Judge William Adams said the video of him repeatedly beating his disabled daughter with a leather belt while screaming at her is not as bad as it looks.

On Wednesday, Adams admitted to being the man in the video who is shown beating a 16-year-old girl for playing video games and downloading music, telling KRIS TV in Corpus Christi that it happened years ago.. I apologized.

Adams, who is the Aransas County Court-at-Law Judge, is an elected official and a family law judge who presides over child abuse cases, according to the Associated Press.

In the video, Adams yells at his daughter Hillary, who suffers from cerebral palsy, is it fun to disobey your mom and dad? and “You don't deserve to be in this f----n house!”

The local police department in Rockland, Texas, where Judge Adams lives, opened an investigation into the video on Tuesday night and is currently working the Texas Rangers and the Texas Department of Public Safety.

The video, which was filmed in 2004, was posted to YouTube by Hillary Adams on Oct. 27. The girl said that that the physical abuse in the Adams' household went on for years and that she thought abuse at some level was normal.

My father's harassment was getting really bad, so I decided to finally publish the video that I had been sitting on for seven years, Adams said in a separate interview with KRIS.

Hillary Adams said she wants to use the media attention to get her father help, not to persecute him.

Please spread the word that my father needs professional help and not hatred.
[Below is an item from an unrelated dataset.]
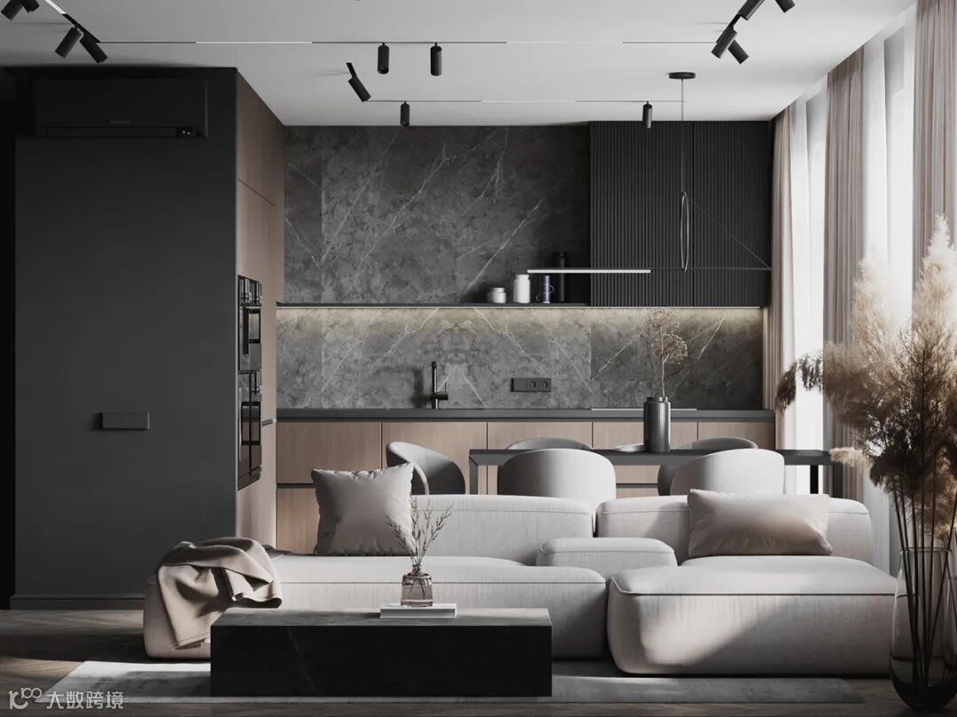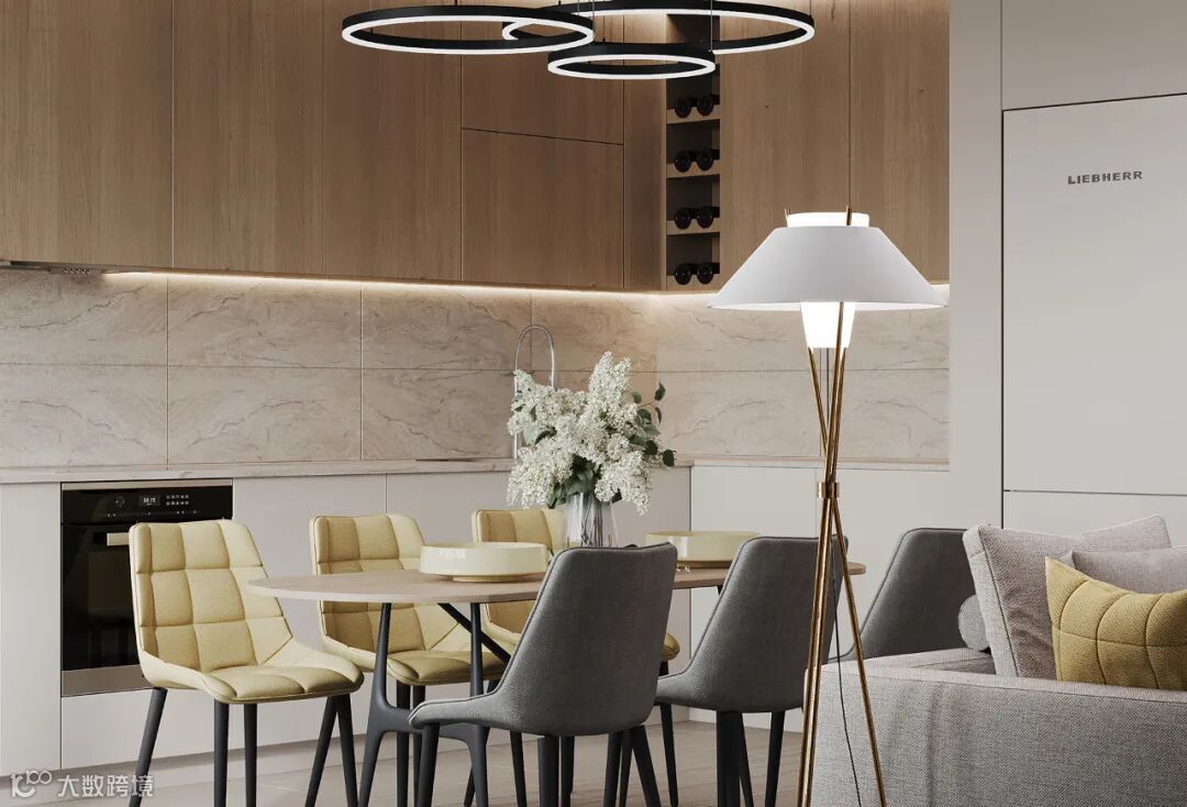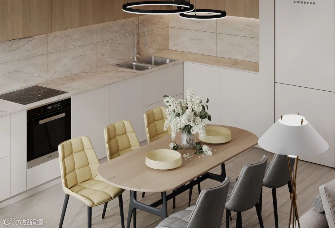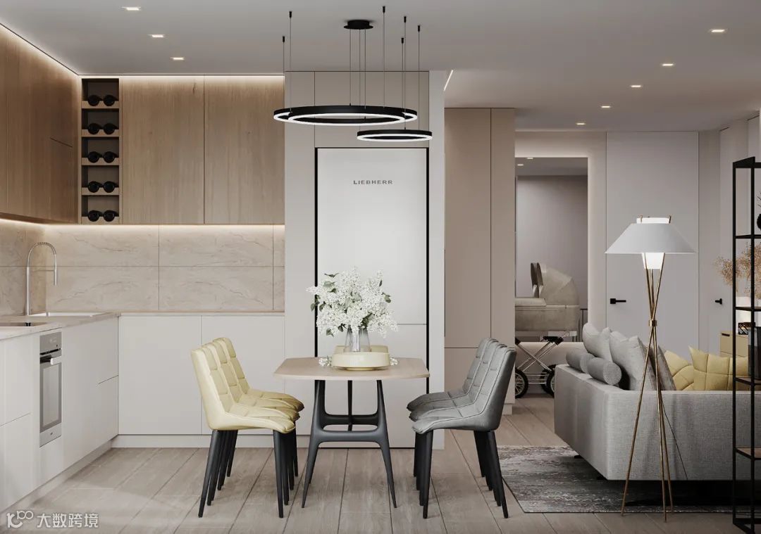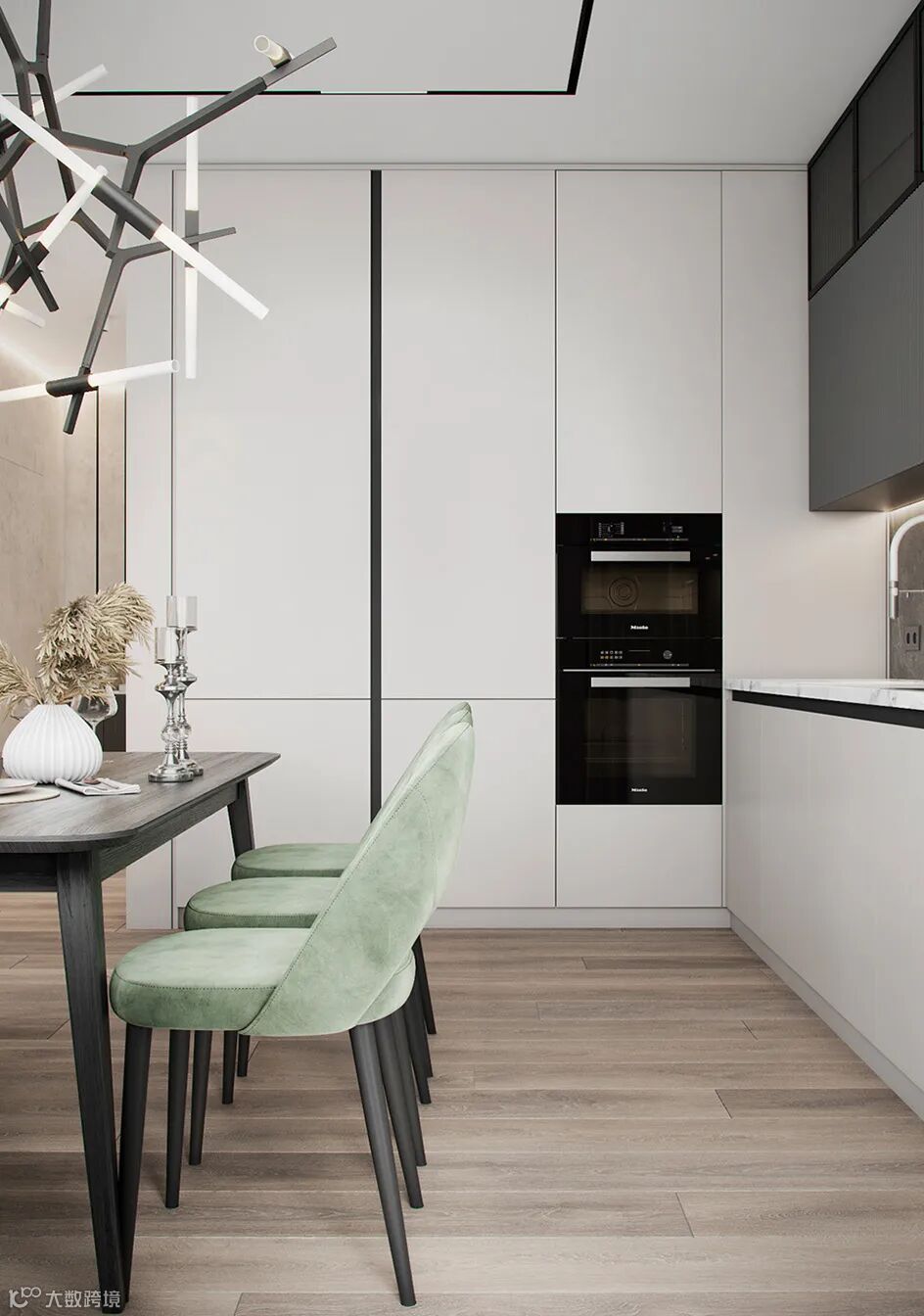 L型落地橱柜,无把手的简致立面,带来了舒适而优雅的视觉传达。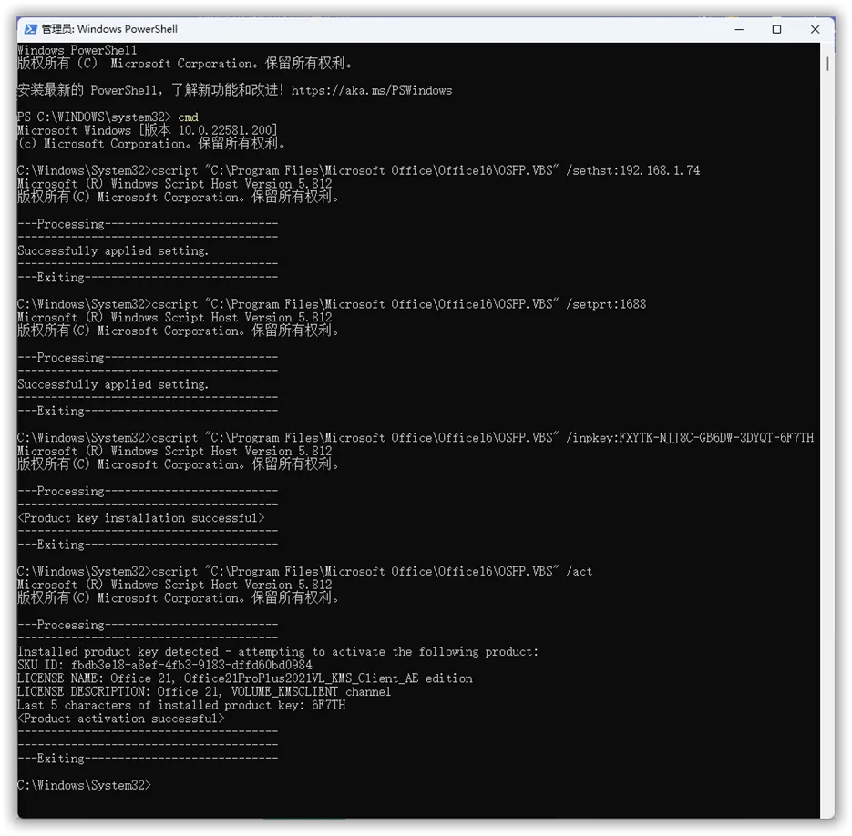 再以激活Office LTSC ProPlus 2021为例,使用三条命令激活。

We can offer him the tools to be a better person, she tweeted on Wednesday.

It is my wish that people stop threatening my father and start offering professional help. That is what he really needs, she also said on Twitter.

Together we can bring attention to emotional abuse and inspire other victims to speak up. Abuse is not always physical! she said earlier.

However, she also vocalized her support for the Facebook group Don't Re-Elect Judge William Adams, which gained 10,000 subscribers in less than 12 hours on Wednesday.

Since it was posted on the Web site Reddit, the shocking video has outraged the online community. The national response of the video -- ranging from prank calling a pizza order in to Judge Adams' house, to repeated calls to his office, to death threats -- has again brought attention to the idea of Internet vigilantism.

There is a grand tradition around the world of offended Internet denizens punishing people for not behaving, Torie Bosch writes in Slate's tech blog. When a crime horrifies us, the Internet makes it easier to indulge curiosity... But when it comes to exacting revenge, the waters get murky.

Adams’ alleged crime is heinous; if the video is an accurate portrayal of what happened, then the disgust expressed around the Web is certainly valid. Is Internet vigilantism ever OK? Is it fine to engage in a good old-fashioned pizza-ordering prank? If so, when does Internet vigilantism cross the line and begin interfering with the proper judicial system?